Updated December 1, 2020:
Completed work:
The conditions necessary to remove cell walls from waterhemp cell suspension cultures, in order to generate protoplasts, were investigated. In the first experiment, 5 ml of a 1-month-old waterhemp cell suspension culture was centrifuged to pellet the cells, and the supernatant was replaced with 5 ml of the following filter-sterilized enzyme solution: 0.55 M sorbitol, 0.6% cellulase R-10, 0.2% hemicellulase, and 0.2% pectinase, pH 5.8. Cells were incubated at room temperature for 5 hours with gentle agitation, filtered, and washed 6-7 times with resuspension in 0.55 M sorbitol.
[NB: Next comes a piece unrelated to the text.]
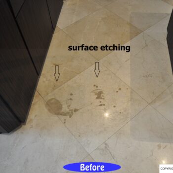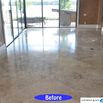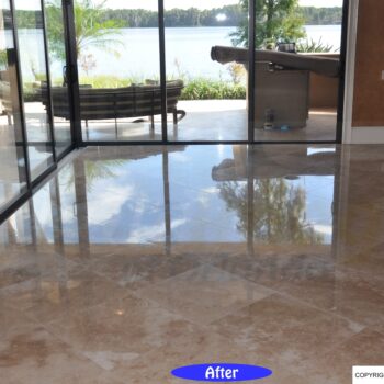 Then there is also damage that may occur if you hire a company that does not specialize in stone cleaning and refinishing, such as in the pictures shown. The new owners of this home had hired another company to clean their travertine floors. The owner had to stop the technician half way through cleaning because what she was witnessing. Mind you this was a company touting 20 years’ experience. The tool they were using to clean the floor was leaving significant scratching. What is astonishing is the technician didn’t notice the damage he was doing. Clean Image of Orlando was hired to deep clean, refinish and repair the damage that was done. The old saying comes into play here, “it doesn’t matter how long you been doing it, it’s how long you been doing right”.

The second experiment was a repeat using a younger 3-day-old waterhemp cell suspension culture with incubation at room temperature for 7 hours using the same enzyme solution.
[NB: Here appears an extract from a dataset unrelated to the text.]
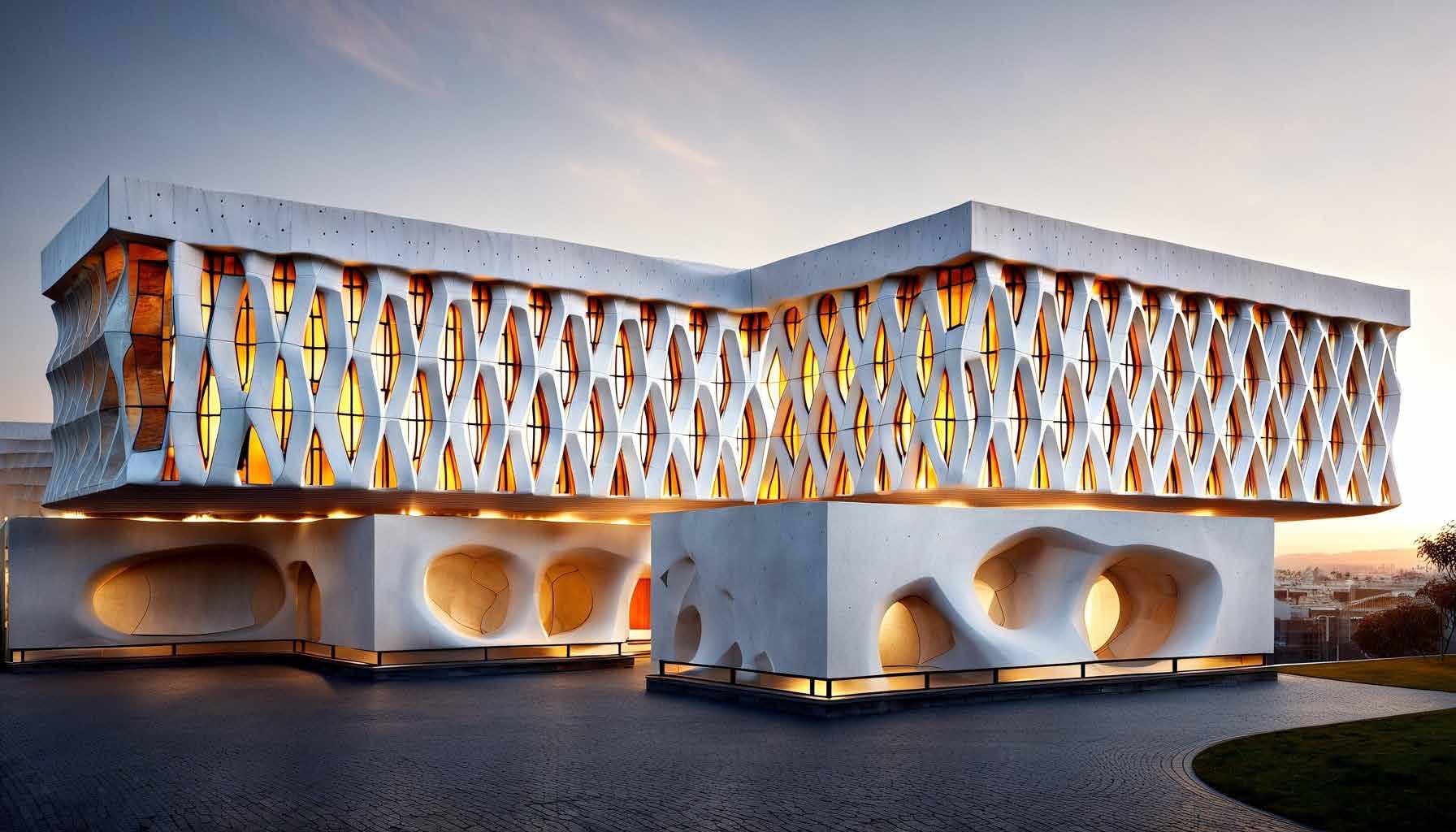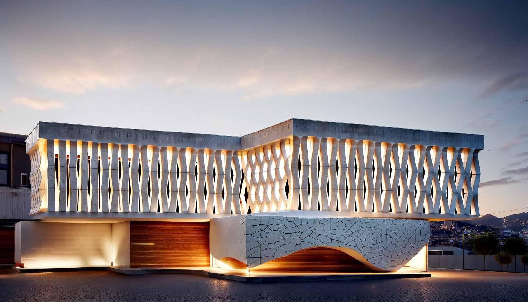 In an e ort to improve a boring, at building face, an interweaving pattern was chosen. Not subjected to structural load, this pattern can be made using recycled aggregates.

In the third experiment, a different enzyme solution was prepared by dissolving 0.2 g driselase in 10 ml of 4 M mannitol, pH 5.2. Because driselase is poorly soluble in aqueous liquids, the solution was centrifuged to remove undissolved enzyme and the supernatant was collected. Waterhemp cells from a 5-day-old cell suspension culture were then incubated in this driselase solution at 30 C for 90 minutes with gentle agitation.
A fourth experiment used an enzyme solution of sorbitol, cellulase R-10, hemicellulose, and pectinase similar to the first two experiments, but with increased cellulase R-10 (0.8%). A 10-day-old cell suspension culture was incubated in this enzyme solution for 4 hours at 30 C.
Preliminary results:
Digestion of cells walls and the generation of protoplasts was observed by microscopy. In all cases, cell walls were not successfully removed. While the driselase incubation (third experiment) was primarily performed to ensure that the enzyme would remain in solution during incubation, the other experiments used published protocols from other plant species. However, the enzymes that successfully generate protoplasts are known to vary by plant species due to different cell wall compositions. Our preliminary results indicate that testing additional cell wall digestion enzymes is warranted. Culture age and incubation temperature did not affect our results.
Work to be completed:
Experiments to test the enzymes pectolyase Y23 and cellulase Onozuka RS are in process. Upon completion of Objective 1, i.e., the successful generation of protoplasts from waterhemp cell suspension cultures, research to generate micro-colonies from protoplasts (Objective 2) will begin.